Understanding Total Expense Ratio and SEBI’s Base Expense Ratio (BER) Framework for Mutual Funds

The expense ratio in mutual funds represents the annual ongoing charge deducted from a scheme’s assets to cover operational costs. This charge is expressed as a percentage of the scheme’s daily net assets and is reflected in the Net Asset Value (NAV).

This is general educational content only, not personalised investment advice. Consult a SEBI-registered investment adviser.

A common misunderstanding is that all mutual fund charges are hidden within one figure. In reality, the Total Expense Ratio (TER) has traditionally bundled various costs, but SEBI’s recent changes introduce greater separation for clarity. One key nuance is the shift to a Base Expense Ratio (BER) structure, where certain statutory levies are now excluded from the capped portion. These changes were approved on December 17, 2025.

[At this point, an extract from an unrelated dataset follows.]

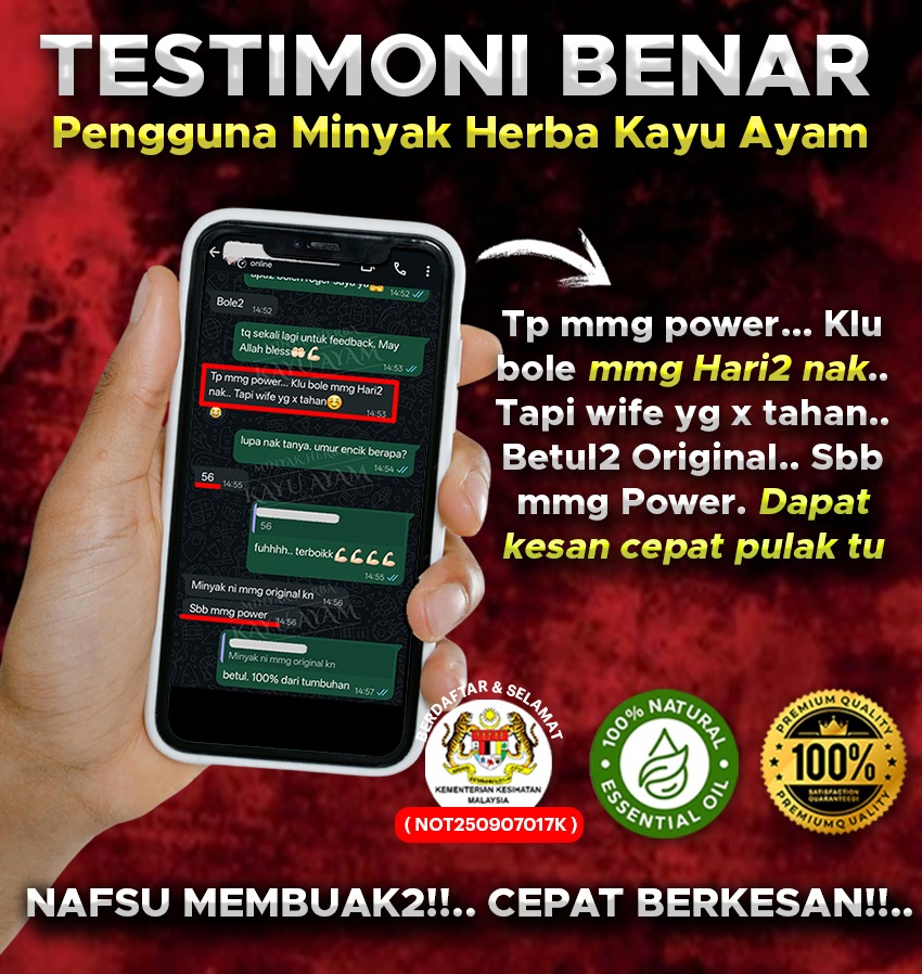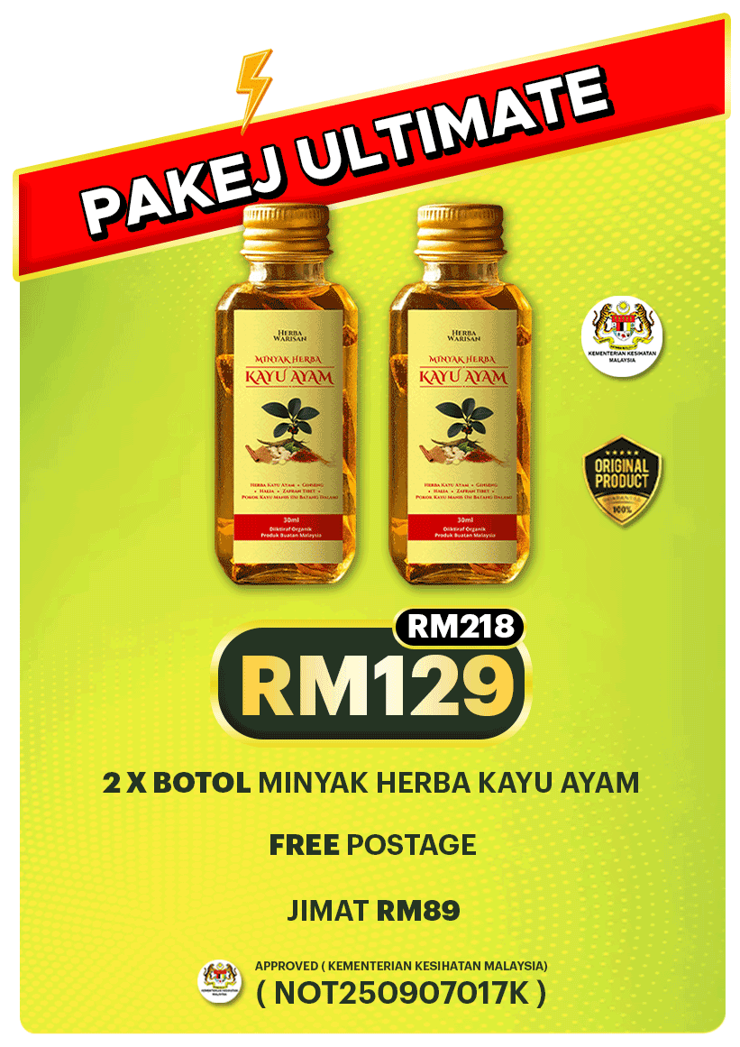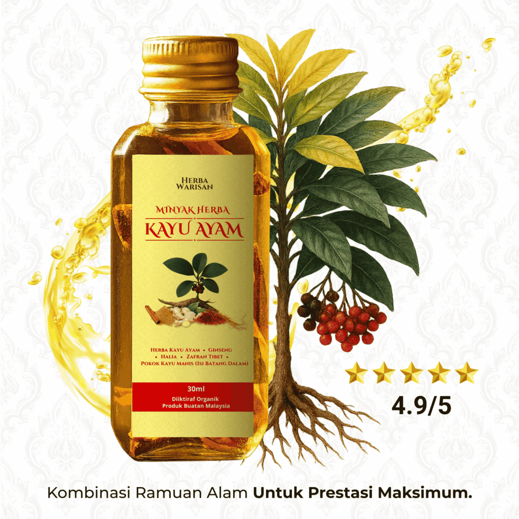 Minyak Herba Kayu Ayam Terbukti Bantu Kekal Keras Lebih Lama Secara Semula Jadi, Prestasi Lebih Mantap dan Kepuasan Rumah Tangga Lebih Harmoni.

Many Indian households compare mutual funds to familiar options like fixed deposits or gold, where returns appear straightforward without visible ongoing deductions. In mutual funds, however, the expense ratio is deducted each day silently from the NAV, similar to how small daily contributions maintain shared facilities.

The expense ratio is like the maintenance charge in a housing society – a small daily contribution from all residents that covers management, security, and upkeep, deducted silently to keep the society running smoothly. This helps ensure the common areas remain functional, but the amount varies based on the society’s size and needs.

SEBI’s BER framework separates core fees from statutory levies for transparency.

What is Total Expense Ratio (TER)?

The Total Expense Ratio (TER) is the complete annual cost borne by investors in a mutual fund scheme, expressed as a percentage of the scheme’s average daily net assets.

It includes all recurring expenses related to managing and operating the scheme. These costs are deducted daily from the scheme’s assets, which reduces the NAV proportionally each day.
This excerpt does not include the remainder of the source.